Pruning/Dimension Reduction: Sparsity.

7) Discuss convexity of composite functions, what mathematical strategies might be used to at least reduce local solutions?

DL: vertically product of composite functions and horizontally summation of them. This leads to many local solutions.

Strategies to reduce local solutions:

ReLU: simplify combination.
Partition neural networks

8) Why normally we use L2 for the input layers and L1 for the actual modeling? Explain why still sigmoid activations are still used for the output layers?

Input layers of L2 and hidden layers of L1:

L2: smooth inputs. Because some data/ features still are really big. L2 cancel to relative weight and average inputs (not to different from each other)
L1: for sparsity. Keep pruning connections between the layers. Sparse networks are computationally tolerant.
Sigmoid (softmax): renormalize and recalibrate the outputs. Get probabilistic outputs (Logistic Loss) and try to evaluate from distance from distribution or entropy point of view. Sometimes we use $tanh()$

**9) What would be the true features of an object modeling problem? Give two examples to highlight the importance of selecting appropriate dimensions for feature representations;**⭐️

Have strong information, low-rank DL can dig out the underlying relationship within the data and get the "true" feature Problems: Basis function selection, ways of combination (topology), BP(gradient vanish and explode), memory (RNN, LSTM), Computational complexity, Over/Under-fitting

head location: reconstruct 2D pic to 3D space. truth table: only 3 dimensions are critical other boolean variables are useless. (dimension reduction and feature selection)

YB's own answer: Two examples

Posture of human face: high-dimension image and two/ three-dimension representation is good.
Simulate Boolean algorithm: how many sigmoid functions you need? Three gates that construct 8 bits truth tables. It is three-dimensional (I don't know what this is about)

10) Why does the feature decomposition in deep learning then a topological recombination could make a better sampling? What would be the potential problems making deep learning not a viable approach? 006:40:53

DL is able to decompose data into different primitive parts. These parts cam recombine those other parts. This exponentially or factorially increase the data for possible combinations. This increase the sample capacity and can generate sample $\Rightarrow$ GAN

Potential problems: (on slides)

Local solutions
Vanishing gradients
...

**11) Explain the importance of appropriate feature selection being compatible with model selection in the context of model complexity;**⭐️ 006:44:56

The feature should be compatible with the representation ability of the model. Otherwise, over-fitting or under-fitting will be likely to happen.

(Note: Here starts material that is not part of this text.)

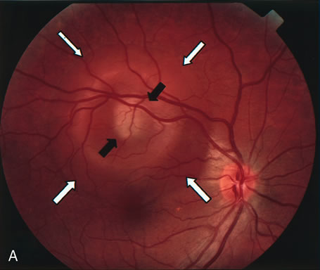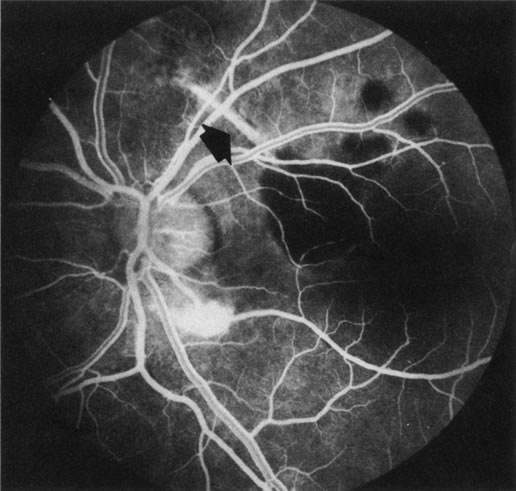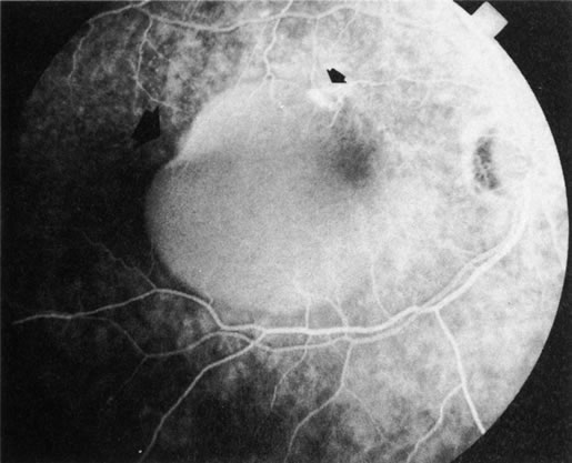 DIAGNOSIS Trauma can induce a wide spectrum of alterations of the retina, RPE, and choroid. Most types of traumatic maculopathy, such as Purtscher's retinopathy, Berlin's edema, retinal contusion, traumatic macular hole, and choroidal rupture, are readily apparent on clinical examination.257 Choroidal rupture, althoughe usually evident clinically, may be more obvious on FA (Fig. 39). Contusion necrosis of the RPE may present clinically with an associated RPE detachment, an overlying neurosensory detachment, and a subtle change in RPE pigmentation. FA can demonstrate the site of leakage into the subretinal space, unless the RPE defect has healed by the time of testing. FA is particularly helpful in differentiating retinal concussion (Berlin's edema), in which FA findings are normal, from retinal contusion, in which there is RPE damage and, consequently, increased transmission of choroidal fluorescence on FA.257 In Purtscher's retinopathy, FA can document vascular closure, which accounts for the retinal infarctions (Fig. 40).258

Higher dimensional data are more likely to over-fitting.

The feature selection should match the model selection.

12) What would be the ultimate and best representation for a high dimensional and complex problem? How this might be possibly achieved? 006:46:14

Everything should be modular and re-useful. Everything should be combination of building blocks. Problems should be reorganized by the combination of the structural, logical, and conceptual parts instead of case by case. (Key word: modular combination)

13) How RNN can be expanded our learning to fully taking advantage of Turing machine? What RNN can whereas CNN cannot do? 006:47:38

RNN & CNN:

RNNs are more capable of achieving something beyond simulation of functions. RNN begins to simulate some logical process (memorizing, decision, and stopping). RNN learns not only a process function but also Turing process where logics can be simulated (recursions...). CNN cannot do this.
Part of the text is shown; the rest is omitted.